Sunday 6 November 2011

'Fatal legal flaw' possible in children's hospital plan

THE DEPARTMENT of Health failed to comply with an EU requirement for a strategic environmental assessment of the proposed national children’s hospital in Dublin, An Bord Pleanála has been told.

In a submission to the board’s oral hearing on the hospital, the Heritage Council said the department’s failure to carry out the assessment could be a “fatal legal flaw” in the planning process.

The council, a statutory body, said much of the conflict over the hospital’s proposed height and bulk resulted from this failure by the department to assess the environmental implications before deciding in May 2006 to go ahead with the €650 million project.

An Bord Pleanála is holding oral hearings into the plan to build the 16-storey hospital on a two-hectare site on the grounds of the Mater hospital. It is due to be completed in 2016.

The National Children’s Hospital Development Board says an environmental report on Dublin City Council’s 2008 Mountjoy/ Phibsboro local area plan, which covered the Mater site, was adequate to fulfil an EU directive’s requirement for a strategic environmental assessment.

However Colm Murray, the Heritage Council’s architecture officer, said the directive, which was transposed into Irish law in 2004, related to “all decisions in respect of plans and programmes that may have an environmental effect”, such as the proposed hospital.

It also required an examination of alternatives. “Without real alternatives, there is no scope for choice or judgment and the environmental impact process is pointless and flawed”, he said in a submission to the oral hearing.
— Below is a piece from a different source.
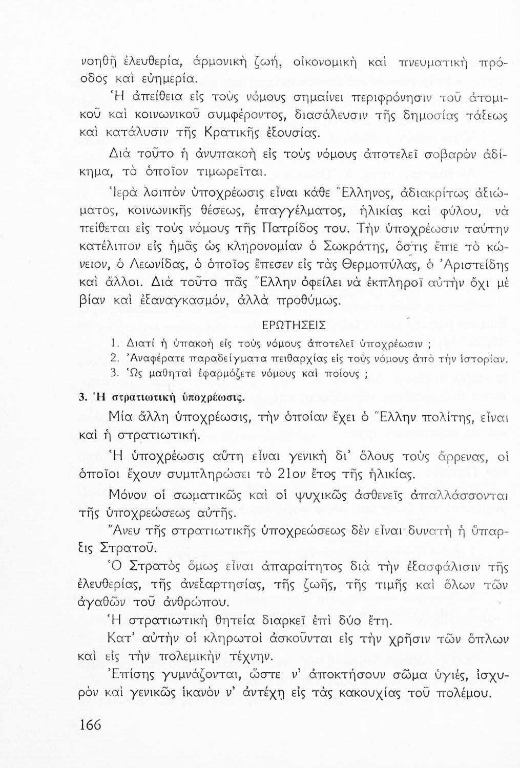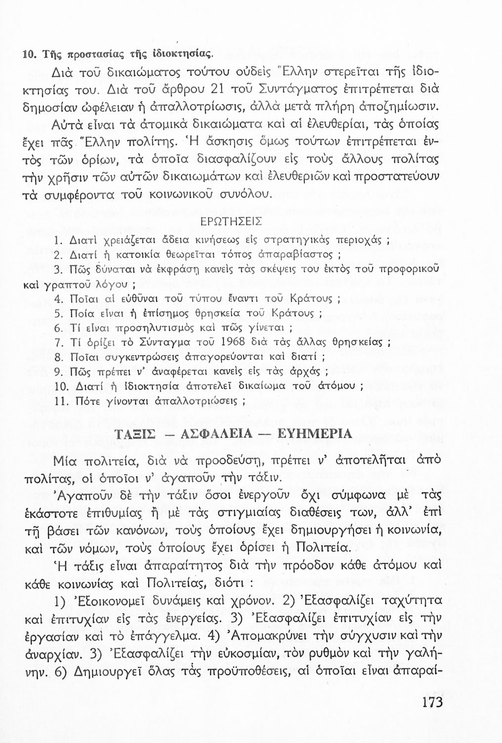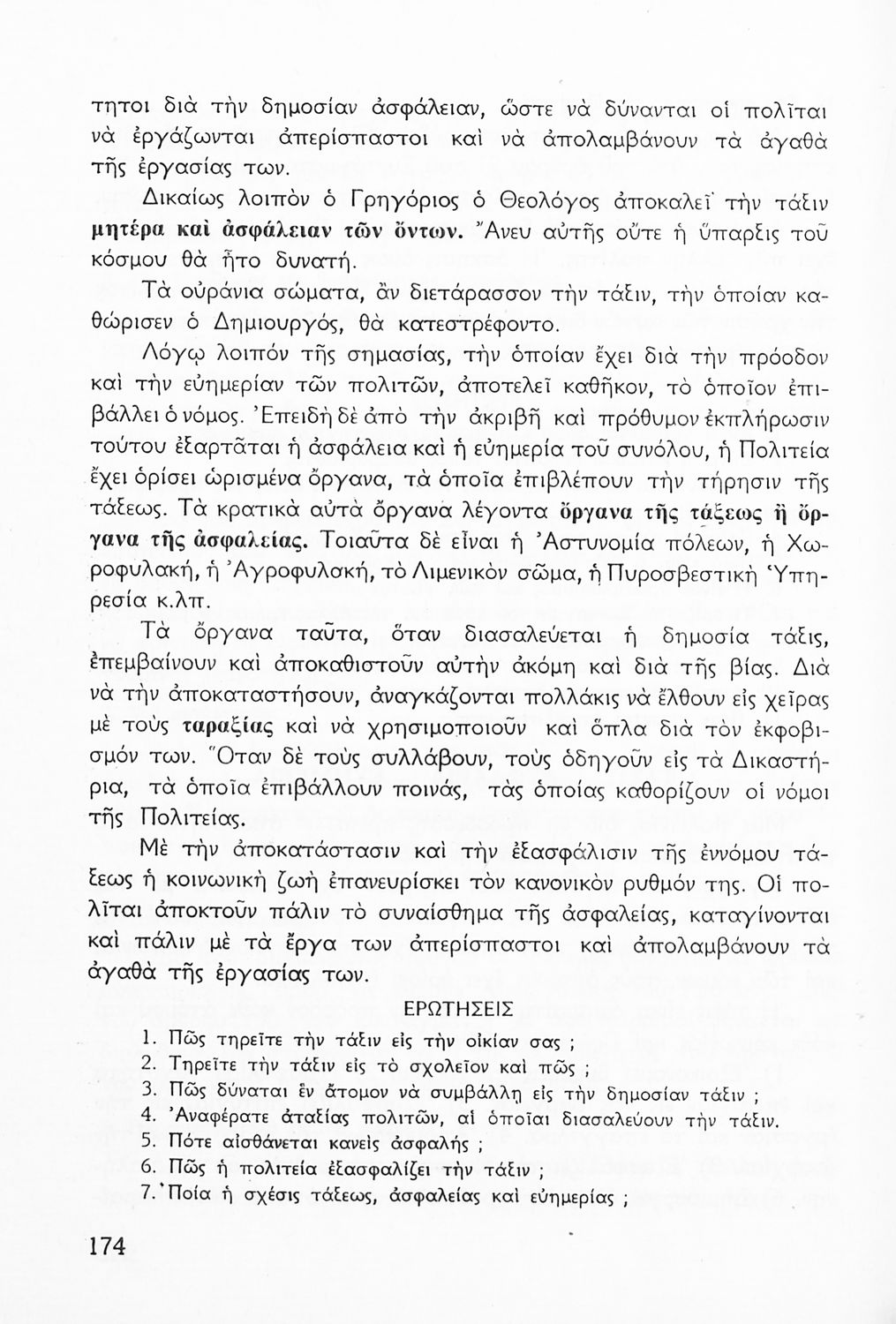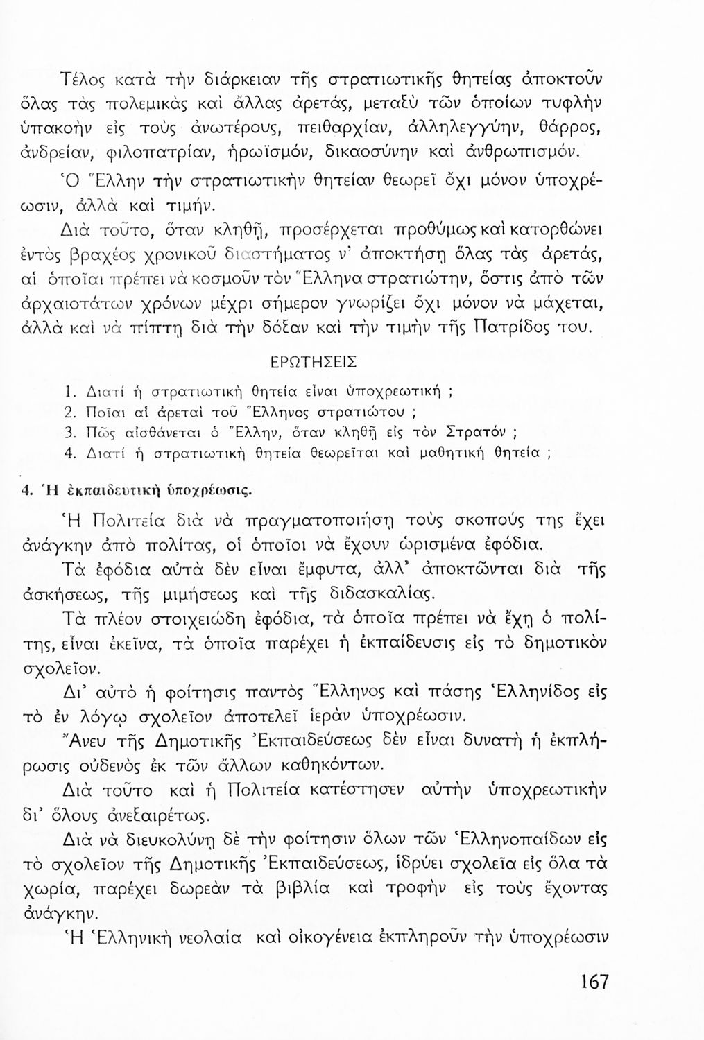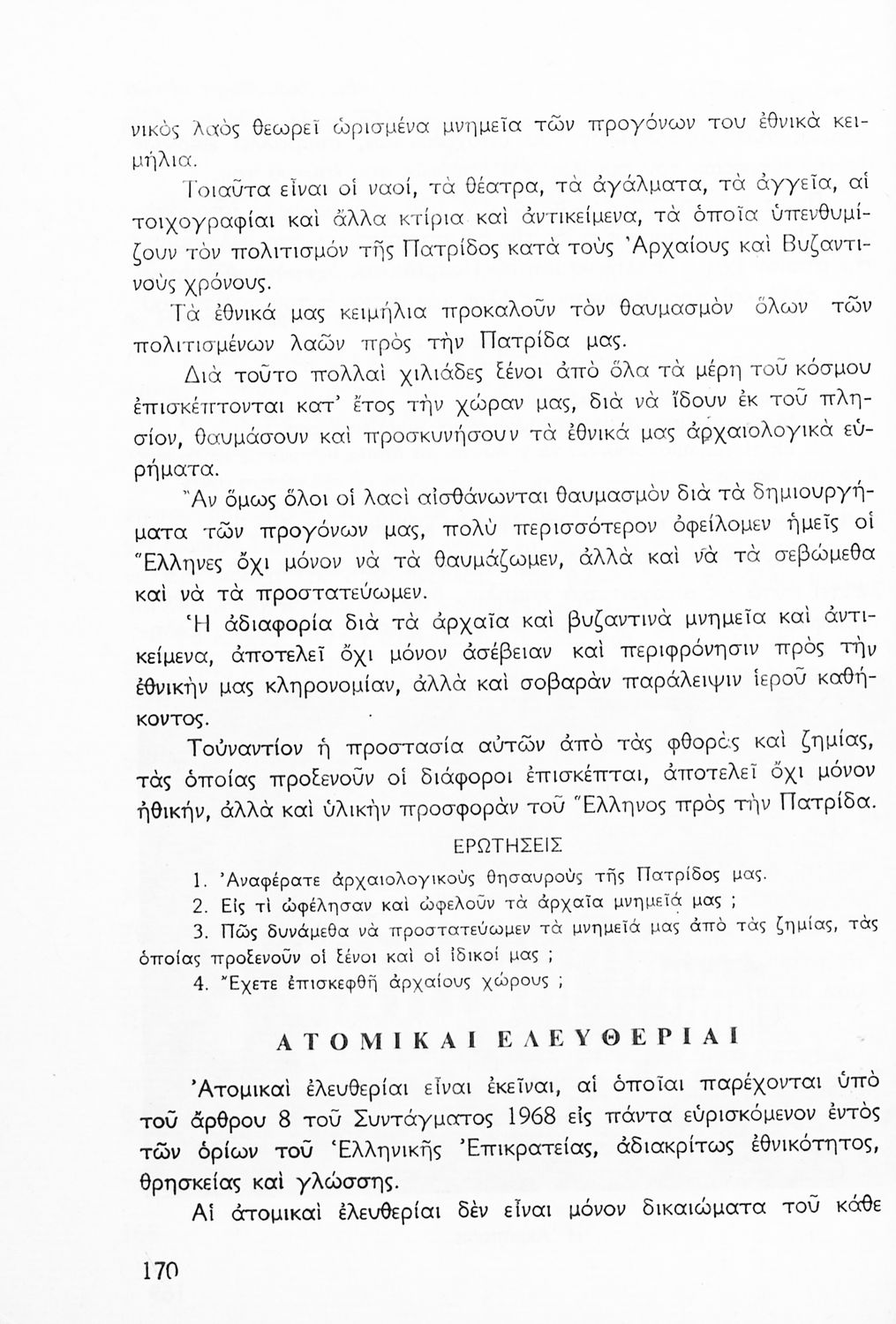 Σχολικό εγχειρίδιο Αγωγής του Πολίτη για τη ΣΤ΄ Δημοτικού που αναλύει τους εθνικούς και διεθνείς οικονομικούς, πολιτικούς και πολιτειακούς θεσμούς. Το βιβλίο εξαίρει τη δικτατορία των συνταγματαρχών και υιοθετεί τον εθνικιστικό και αντικομμουνιστικό της λόγο.

This could be “a fatal legal flaw in the decision-making process”.

The fact that an environmental report was done on the Mountjoy/ Phibsboro local area plan, published in March 2008, was insufficient, as “the prior decision of government [to locate the hospital on the Mater site] prevented the generation of alternatives”.

An Bord Pleanála’s minutes of pre-planning consultations with the applicants record them as saying the decision to locate the hospital on the Mater site “was based on medical policy more so than planning policy and [they] acknowledged that it could be a contentious matter”.

Mr Murray said the Heritage Council “is of the view that the integrity and authenticity of Dublin as a candidate [Unesco] World Heritage Site ought to be a major material consideration in this planning decision”, because the 16-storey hospital would have negative impacts.

He noted that conservation architect Paul Arnold had conceded that “the adverse impact on St George’s Church [in nearby Hardwicke Place] will be high” and there would also be “identifiable adverse impacts” on North Great George’s Street and O’Connell Street.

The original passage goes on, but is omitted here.